Learning about what causes hereditary spastic paraplegia can help people understand their risks. It also helps families make better decisions when planning for children, especially if someone in the family already has HSP.
How the Condition Is Passed Down
Hereditary spastic paraplegia can pass from parents to children in several ways. These include autosomal dominant, autosomal recessive, and X-linked inheritance. Each one affects how likely someone is to develop the condition.
In autosomal dominant cases, just one parent with the faulty gene can pass it on. Each child then has a 50% chance of inheriting the condition. This is the most common type. In autosomal recessive cases, both parents must carry the gene. If that happens, each child has a 25% chance of developing the disorder.
X-linked hereditary spastic paraplegia mostly affects boys. That’s because the mutation is on the X chromosome. Girls can carry the gene and sometimes show mild signs, but they usually don’t get the full disease.
Over 80 different gene types can cause hereditary spastic paraplegia. Three of the most common ones are SPG4, SPG3A, and SPG11.

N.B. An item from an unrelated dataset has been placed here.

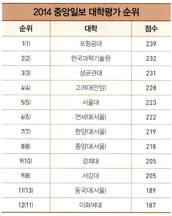 충분히 좋아 보인다. 이 기세라면 한양대도 따라잡을 수 있 겠다. 자세히 보면 서울대와 5점 차이밖에 안 난다. 이대로라면 2018년엔 중앙대가 꿈꾸는 '종합평가 5위’의 성적을 달성할 수 있 을 것 같다.

Key Genetic Mutations Explained
The SPG4 gene mutation affects a protein called spastin. This protein helps nerve cells stay strong and send signals properly. About 40% of autosomal dominant cases come from this mutation. When spastin doesn’t work well, nerve fibres slowly wear down. That damage causes the usual symptoms of hereditary spastic paraplegia.
The SPG3A mutation harms a protein called atlastin. Atlastin is important during early brain and nerve development. So, when it doesn’t work right, symptoms often begin early—in childhood or the teen years.
The SPG11 mutation causes a more complex type of hereditary spastic paraplegia. Along with muscle issues, people might have learning problems, memory loss, or other brain and nerve troubles.
Other mutations continue to be discovered, and each one brings its own pattern of symptoms. That’s why genetic testing is so valuable—it helps pinpoint which mutation is involved and how the disease might progress.
Sometimes, people with hereditary spastic paraplegia wonder if outside factors might affect their symptoms. While outside factors like exercise, nutrition, and general health can play a role, they don’t cause hereditary spastic paraplegia. However, they can affect how fast symptoms appear or how severe they become.
Even diseases that seem unrelated—like Hepatitis A—can, in rare cases, affect the nervous system. But they do not cause hereditary spastic paraplegia, which remains a strictly genetic disorder.
The Role of Testing and Counselling
Genetic testing is a key part of confirming hereditary spastic paraplegia. For families with known cases, it’s wise to speak with a genetic counsellor. These specialists help explain test results, risk levels, and choices for the future.
They also help people understand what having a gene mutation means for them and their children. This makes it easier to plan and prepare with confidence.
Knowing the cause of hereditary spastic paraplegia isn’t just helpful for diagnosis. It also opens doors to early care, treatment planning, and future options—such as gene therapy—that may improve outcomes over time.
As science continues to move forward, new discoveries may lead to better care and even ways to prevent or slow down this complex condition.